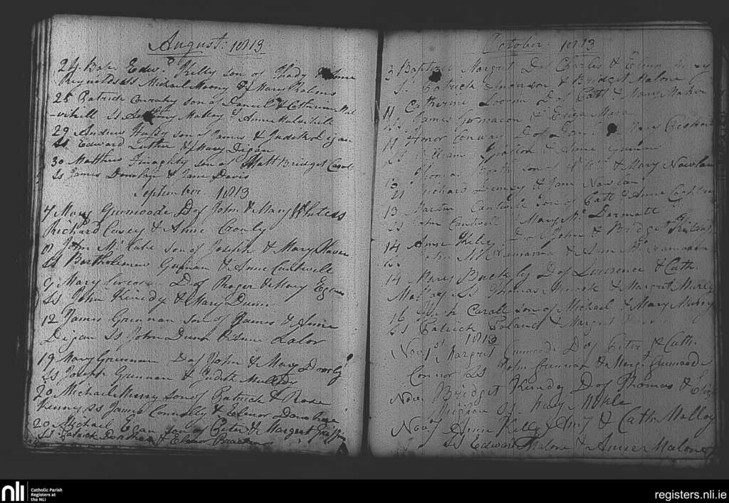 Rahan and Lynally; County of Offaly; Diocese of Meath. Baptisms, Aug. 1813 to Nov. 1813
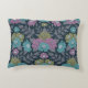 L'oreiller à jetons présente des fleurs dans les tons violet, bleu et vert olive, entourées de frondes de fougères violettes muettes et de feuilles sur un arrière - plan bleu foncé.
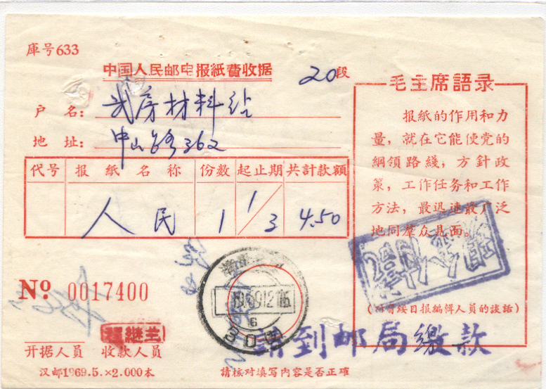 <   1969年12月16日使用于湖北的年代趣味藏品 ~ 点图放大
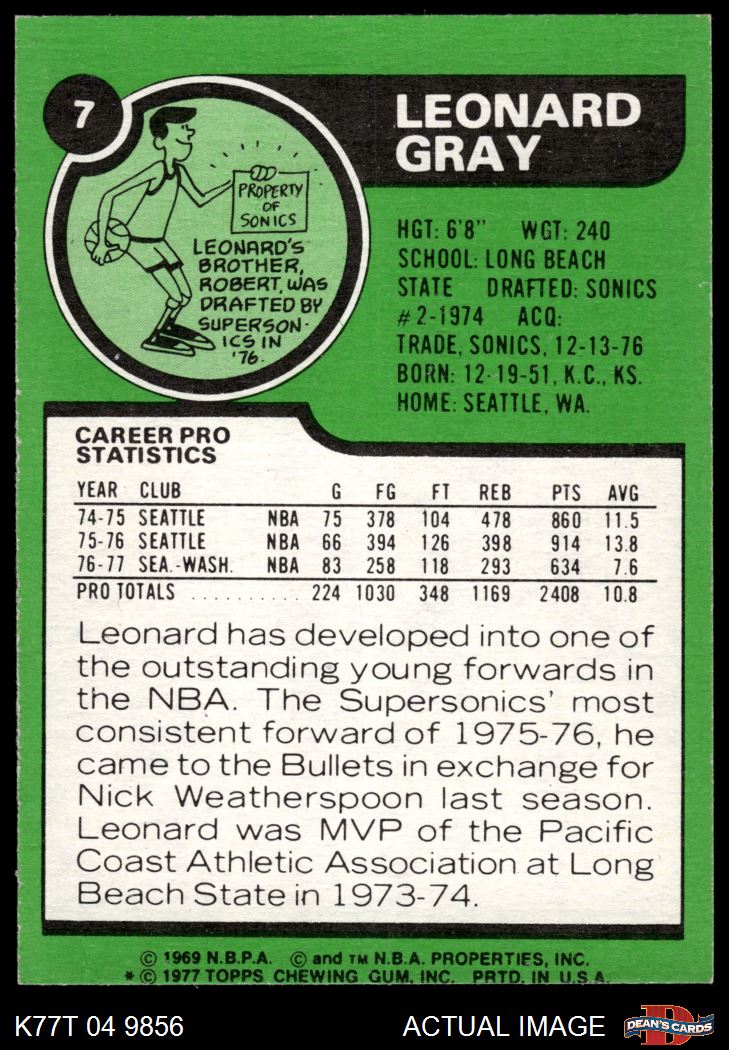 1977 Topps #7 Leonard Gray 3 - VG
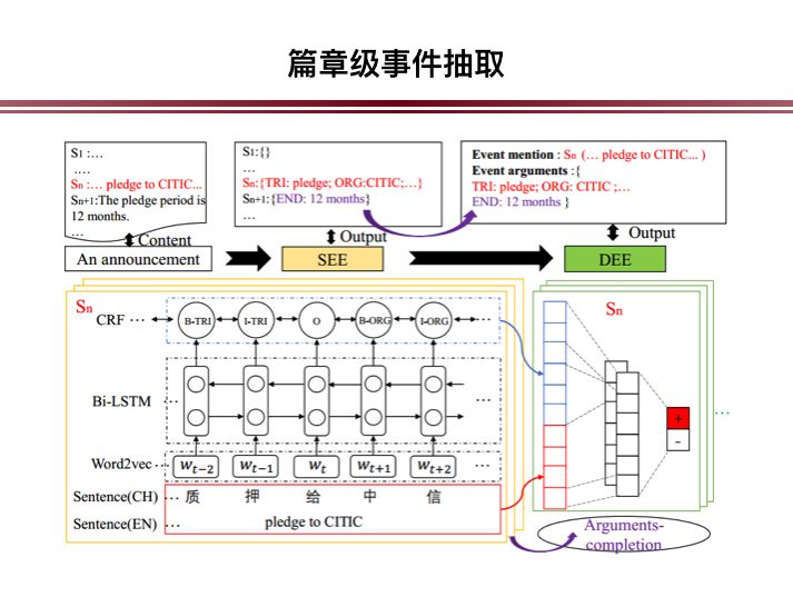 先做一个句子级的抽取,采用一个序列标注的模型,双向LSTM+CRF。但很多情况下一个事件是由篇章当中的不同句子去描述的,你需要从不同的句子当中抽取出来对应的元素,去构成一个这样的一个完整事件,那么你就要从多句话当中,识别出来哪个是主句,这个是用一个 CNN 分类的模型去做的,模型中不仅考虑了文本特征,还同时考虑了对于那个句子分析的结果。找到主句以后,这一个主句有可能描述得不全面,你又从它上下文档中,把对应的角色给补齐。
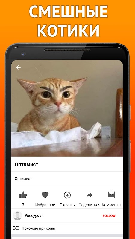 Делитесь наиболее понравившимися приколами вместе с друзьями через соцсети или мессенджеры. Если какой-либо пост понравился – ставьте лайки и оставляйте комментарии. Просто нажав на соответственную кнопку телефона, любая фотография, пост или анимация мгновенно скачается.
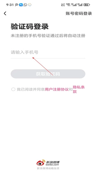 3、进入验证码登录界面后,要先输入手机号码,接着点击“获取验证码”按钮,再勾选相关协议,这样就可以准备完成登录操作了。
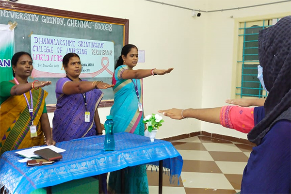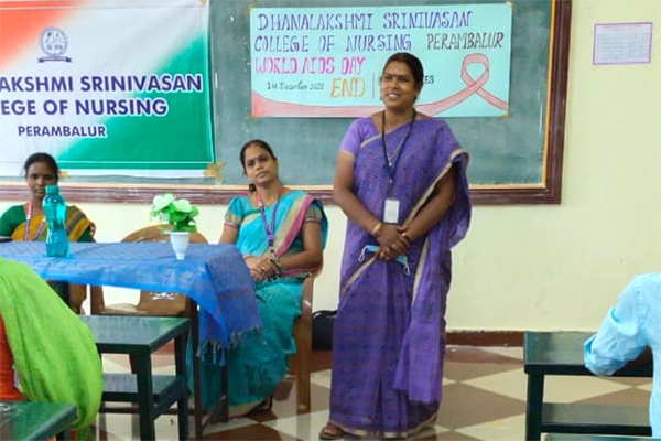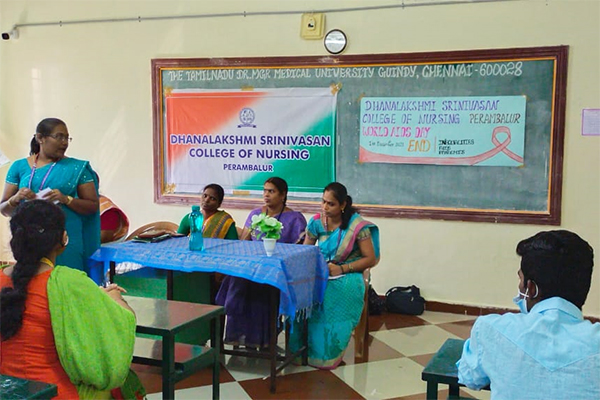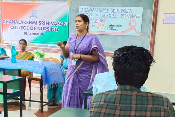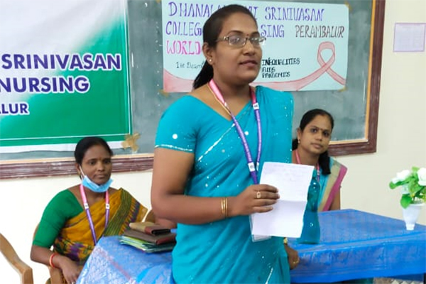 World AIDS day is celebrated on December First of every year. AIDS day celebration mainly focuses on educating the public on HIV/AIDS, to increase support and to unitedly fight against this deadly disease. The theme of World AIDS day celebration of this year is " END INEQUALITIES END AIDS END PANDEMICS" In this regard the Management and Principal of Dhanalakshmi Srinivasan College of Nursing, Perambalur has organised a health awareness talk on HIV/AIDS. Mrs.Aanandhi, Associate Professor cum HOD, Community health nursing welcomed the gathering. Mrs.Padmavathi, ICTC counsellor, Ammapalyam has consented to be the chief guest and delivered health talk on HIV/AIDS. Mrs.Muniyammal, HOD OBG Nursing has delivered the AIDS day pledge, followed by pamphlet distribution. Mrs.J.Sathyapriya, Associate Professor, Community health nursing has delivered the vote of thanks.

WHAT YOU WILL DO:
Take the lines from the one that contains "1977 Topps #7 Leonard Gray 3 - VG" down to the last line of the listing above, both included, and set them down exactly, leaving out pictures.

ANSWER BOX:
 1977 Topps #7 Leonard Gray 3 - VG
 先做一个句子级的抽取,采用一个序列标注的模型,双向LSTM+CRF。但很多情况下一个事件是由篇章当中的不同句子去描述的,你需要从不同的句子当中抽取出来对应的元素,去构成一个这样的一个完整事件,那么你就要从多句话当中,识别出来哪个是主句,这个是用一个 CNN 分类的模型去做的,模型中不仅考虑了文本特征,还同时考虑了对于那个句子分析的结果。找到主句以后,这一个主句有可能描述得不全面,你又从它上下文档中,把对应的角色给补齐。
 Делитесь наиболее понравившимися приколами вместе с друзьями через соцсети или мессенджеры. Если какой-либо пост понравился – ставьте лайки и оставляйте комментарии. Просто нажав на соответственную кнопку телефона, любая фотография, пост или анимация мгновенно скачается.
 3、进入验证码登录界面后,要先输入手机号码,接着点击“获取验证码”按钮,再勾选相关协议,这样就可以准备完成登录操作了。
 World AIDS day is celebrated on December First of every year. AIDS day celebration mainly focuses on educating the public on HIV/AIDS, to increase support and to unitedly fight against this deadly disease. The theme of World AIDS day celebration of this year is " END INEQUALITIES END AIDS END PANDEMICS" In this regard the Management and Principal of Dhanalakshmi Srinivasan College of Nursing, Perambalur has organised a health awareness talk on HIV/AIDS. Mrs.Aanandhi, Associate Professor cum HOD, Community health nursing welcomed the gathering. Mrs.Padmavathi, ICTC counsellor, Ammapalyam has consented to be the chief guest and delivered health talk on HIV/AIDS. Mrs.Muniyammal, HOD OBG Nursing has delivered the AIDS day pledge, followed by pamphlet distribution. Mrs.J.Sathyapriya, Associate Professor, Community health nursing has delivered the vote of thanks.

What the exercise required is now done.